__What you should do__:
From the listing below, work out how many lines contain "небом"; the answer is that number and nothing more.

__Extracted material__:
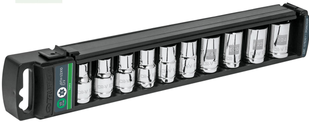
Estuche de plástico

E-8 E-16 E-10 E-18 E-11 E-20 E-12 E-22 E-14 E-24
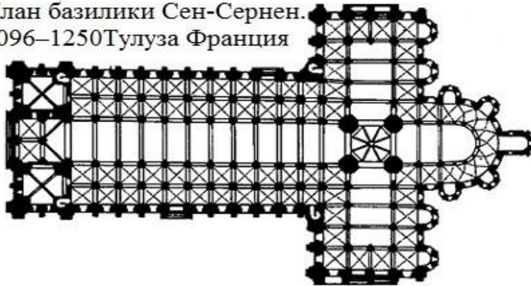
План базилики Сен-Сернен. 1096–1250 Тулуза Франция
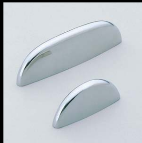
取手 RD型 (P.50)
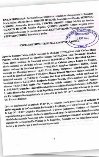
Parte del requerimiento de los diputados republicanos.

Al respecto, los parlamentarios republicanos señalan a través del documento presentado al TC que "conforme el Derecho Público Chileno, la causal que hemos invocado (artículo 60) debe ser interpretada de manera estricta, es decir, no cabe hacer interpretaciones que la hagan
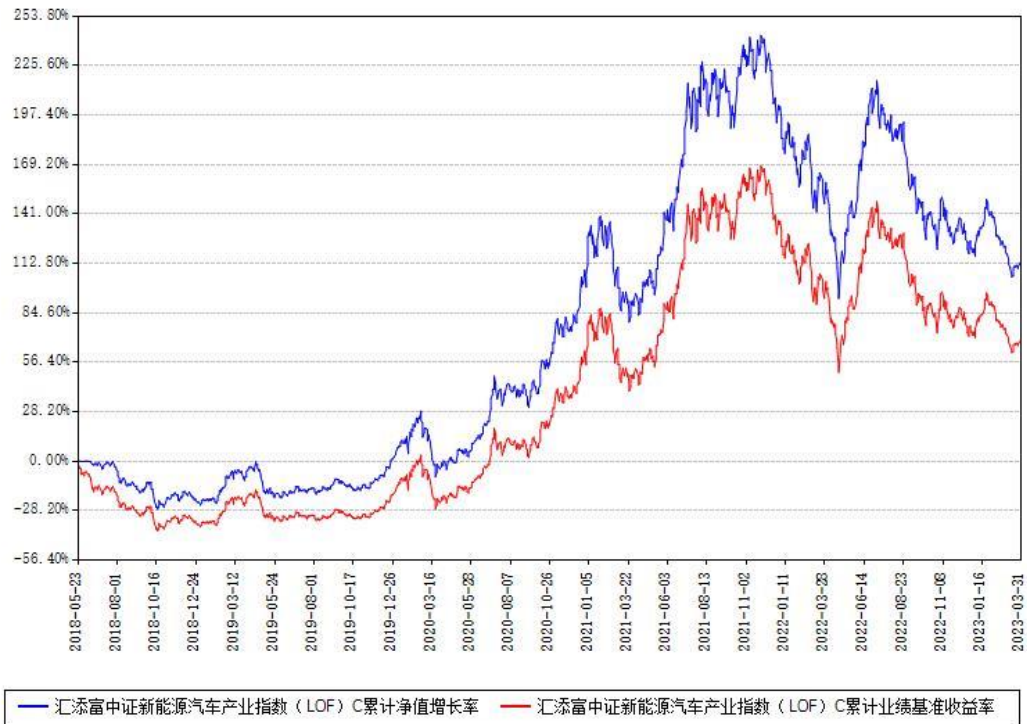
汇添富中证新能源汽车产业指数（LOF）C累计净值增长率与同期业绩基准收益率对比图
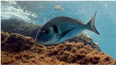
orada ( Sparus aurata )
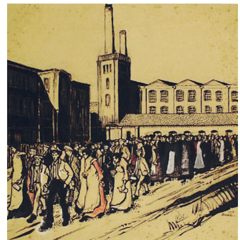
Bart van der Leck, 1876 - 1958 Uitgaan van de fabriek (studie) , 1908

Het is ondertussen 1917: een sleuteljaar voor Bart van der Leck.. en voor De Stijl! Van der Leck laat zijn contract met het echtpaar Kröller ontbinden en ontmoet Piet Mondriaan. De kunstenaars zijn onder de indruk van elkaars werk en werken korte tijd samen.
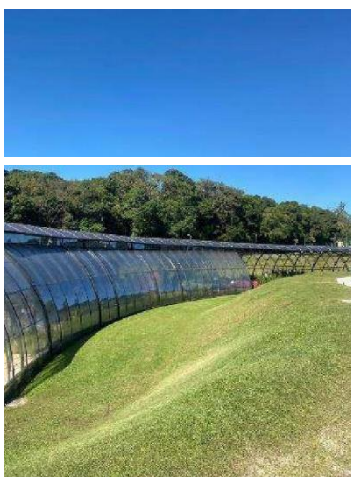
Figura 09 - Cobertura da Galeria das Quatro Estações.

Fonte: Alice de Moraes Cruz - acesso em 23 de abril de 2022 — 14:50h.
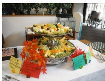
フルーツバイキング
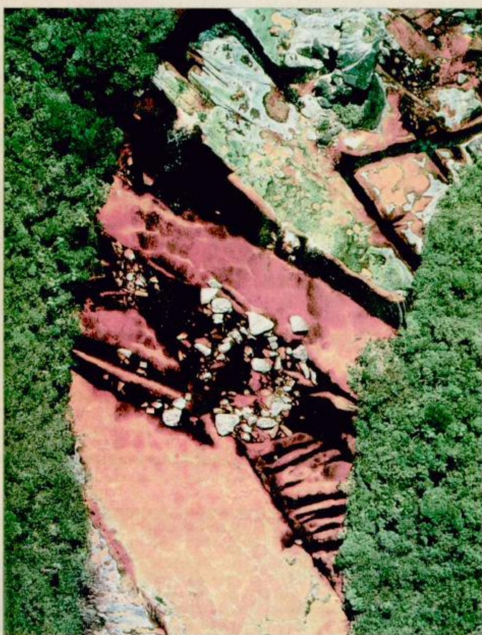
نهر أوبان يتجوى - منطقة غران سابانا
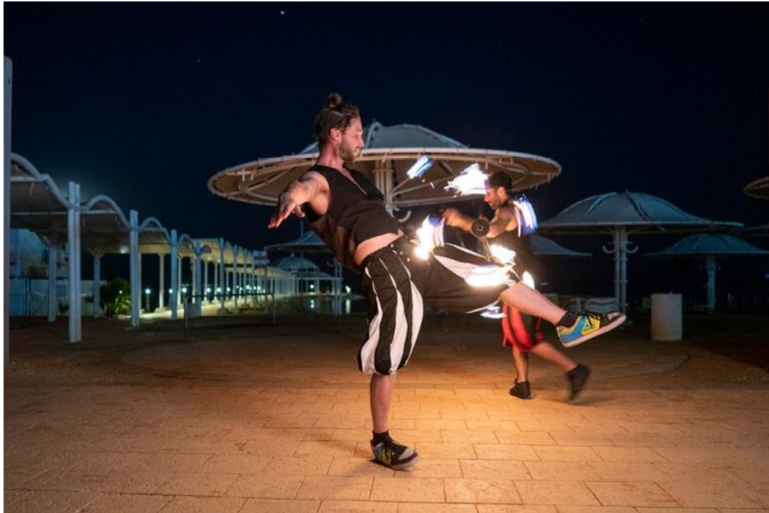
פסטיבל מרהיב במקום הנמוך בעולם עם מגוון דמויות וקולנוע אורבני.
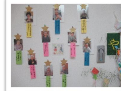
短冊に書いた皆さんの願い事 「熊の肉が食べたい！」の短冊にビックリ
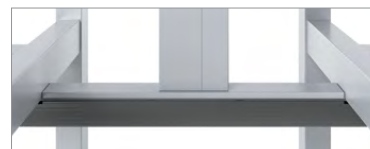
Alimentation du plafond
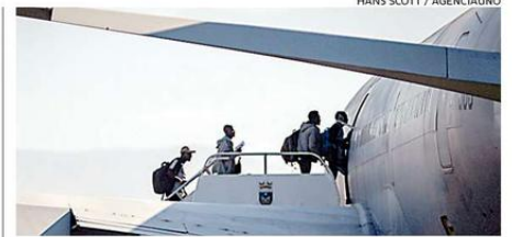
CIUDADANOS HAITIANOS EN EL GRUPO 10 DE LA FACH.

El Metro de Santiago recibió las felicitaciones desde la compañía de Transportes Metropolitanos de Barcelona, el Metro de Madrid y la Compañía de Transportes de París por Twitter.
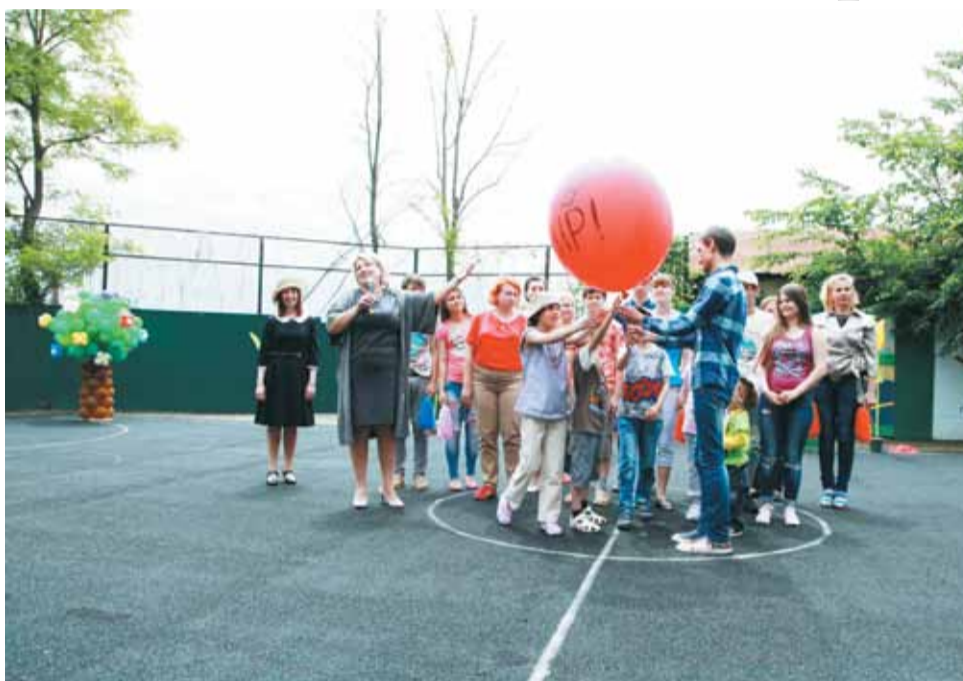
Дети и педагоги – равноценные участники театрализованных действий под открытым небом.

К мероприятию дети и воспитатели подготовились основательно. На импровизированной «сцене» под открытым небом «выросли» гигантские цветы и карликовые деревья из воздушных шаров. В ожидании гостей участники концерта репетировали свои роли, взволнованные малыши с нетерпением ждали начала действия, оглядывая «зрительный зал». И

__Result of the exercise__:
2